The output should contain the listing word for word and no pictures.

■ The data ■
Segment Open

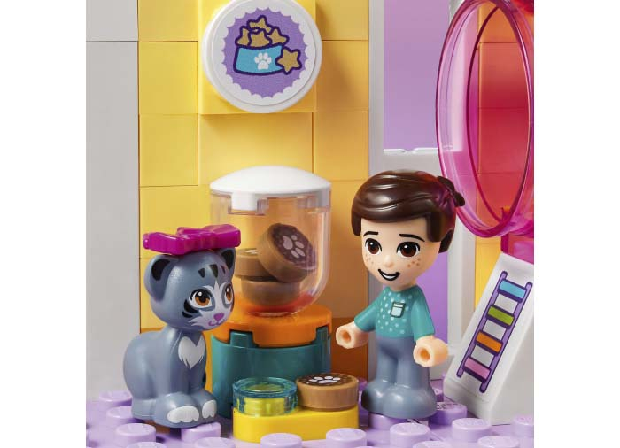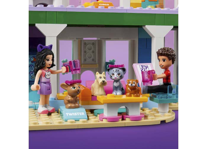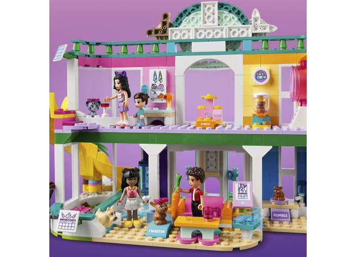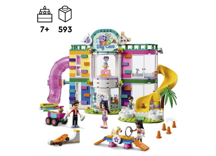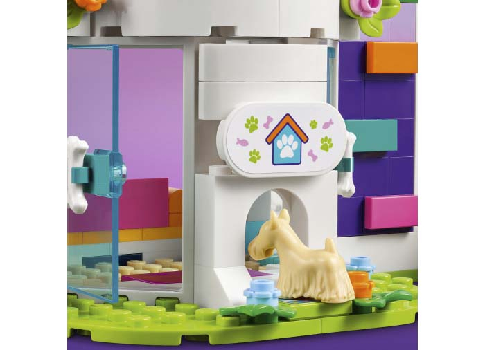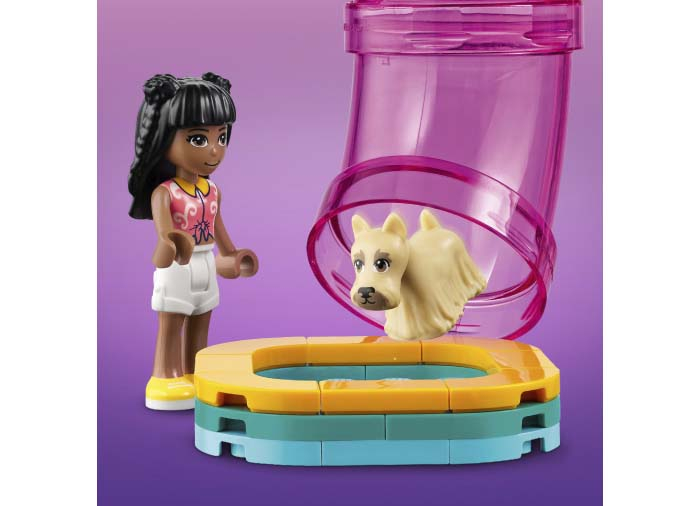 Începând cu uşile din faţă +u2013 una pentru mini-păpuşi şi cealaltă pentru animale +u2013 copiii vor adora să exploreze toate elementele acestui cadou LEGO® Friends. Ei se vor distra învăţând câinele să execute trucuri noi, ducându-l în cursa de agilitate şi învăţându-l să meargă pe skateboard. Drept recompensă, animalele pot coborî pe un tobogan colorat şi se pot răcori în piscină.
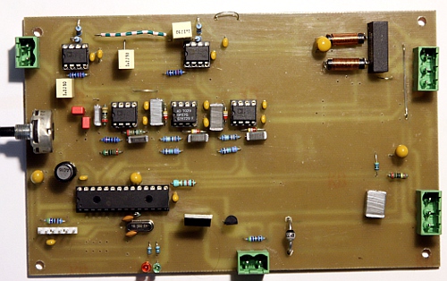 4. Sound generator board: This board steers the 75 Watt motor compressor horn driver via an audio amplifier module. A 16-bit processor is used to generate the required waveform and two analog multipliers are used for envelope shaping and amplitude modulation. Thus we could maintain audio resolution even at the lowest soundlevels. Handling this in the full digital domain would have required a 32-bit processor. The analog dynamic formant filter also found a place on this board.
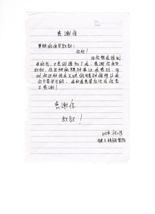 這是一封簡單,可以說是非常質(zhì)樸的感謝信。但其中卻包含了失主對(duì)于我們辛勤工作的安保人員乃至是對(duì)所有金太陽職工的精神的肯定和贊揚(yáng)。我們將會(huì)秉持金太…
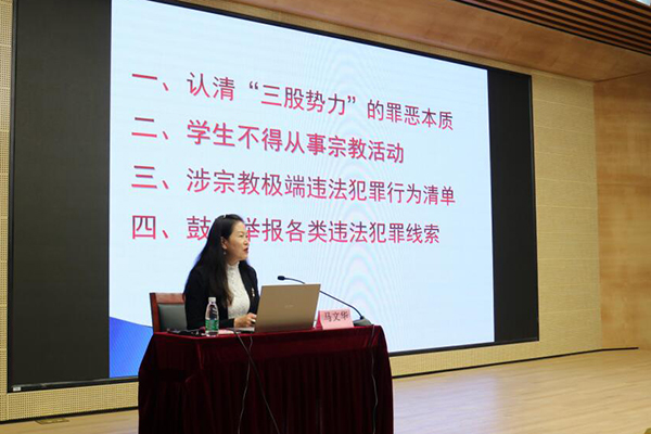 马文华从认清“三股势力”的罪恶本质、学生不得从事宗教活动、涉宗教极端违法犯罪行为清单、鼓励举报各类违法犯罪线索四个方面详细阐述了作为当代大学生该如何自觉抵御“三股势力”,该如何在三年的大学生活中保护好自己。她通过列举九种关于涉宗教极端违法犯罪行为,告诫学生要认清宗教极端思想的真面目,如遇到涉嫌宗教极端和恐怖主义的违法犯罪行为要坚决制止。最后,马文华希望学生们加强意识形态建设,争做综合素质高、政治立场坚定、全面发展、有理想、有追求、有责任、敢担当的合格大学生。

Segment Closed

■ Exercise answer ■
 Începând cu uşile din faţă +u2013 una pentru mini-păpuşi şi cealaltă pentru animale +u2013 copiii vor adora să exploreze toate elementele acestui cadou LEGO® Friends. Ei se vor distra învăţând câinele să execute trucuri noi, ducându-l în cursa de agilitate şi învăţându-l să meargă pe skateboard. Drept recompensă, animalele pot coborî pe un tobogan colorat şi se pot răcori în piscină.
 4. Sound generator board: This board steers the 75 Watt motor compressor horn driver via an audio amplifier module. A 16-bit processor is used to generate the required waveform and two analog multipliers are used for envelope shaping and amplitude modulation. Thus we could maintain audio resolution even at the lowest soundlevels. Handling this in the full digital domain would have required a 32-bit processor. The analog dynamic formant filter also found a place on this board.
 這是一封簡單,可以說是非常質(zhì)樸的感謝信。但其中卻包含了失主對(duì)于我們辛勤工作的安保人員乃至是對(duì)所有金太陽職工的精神的肯定和贊揚(yáng)。我們將會(huì)秉持金太…
 马文华从认清“三股势力”的罪恶本质、学生不得从事宗教活动、涉宗教极端违法犯罪行为清单、鼓励举报各类违法犯罪线索四个方面详细阐述了作为当代大学生该如何自觉抵御“三股势力”,该如何在三年的大学生活中保护好自己。她通过列举九种关于涉宗教极端违法犯罪行为,告诫学生要认清宗教极端思想的真面目,如遇到涉嫌宗教极端和恐怖主义的违法犯罪行为要坚决制止。最后,马文华希望学生们加强意识形态建设,争做综合素质高、政治立场坚定、全面发展、有理想、有追求、有责任、敢担当的合格大学生。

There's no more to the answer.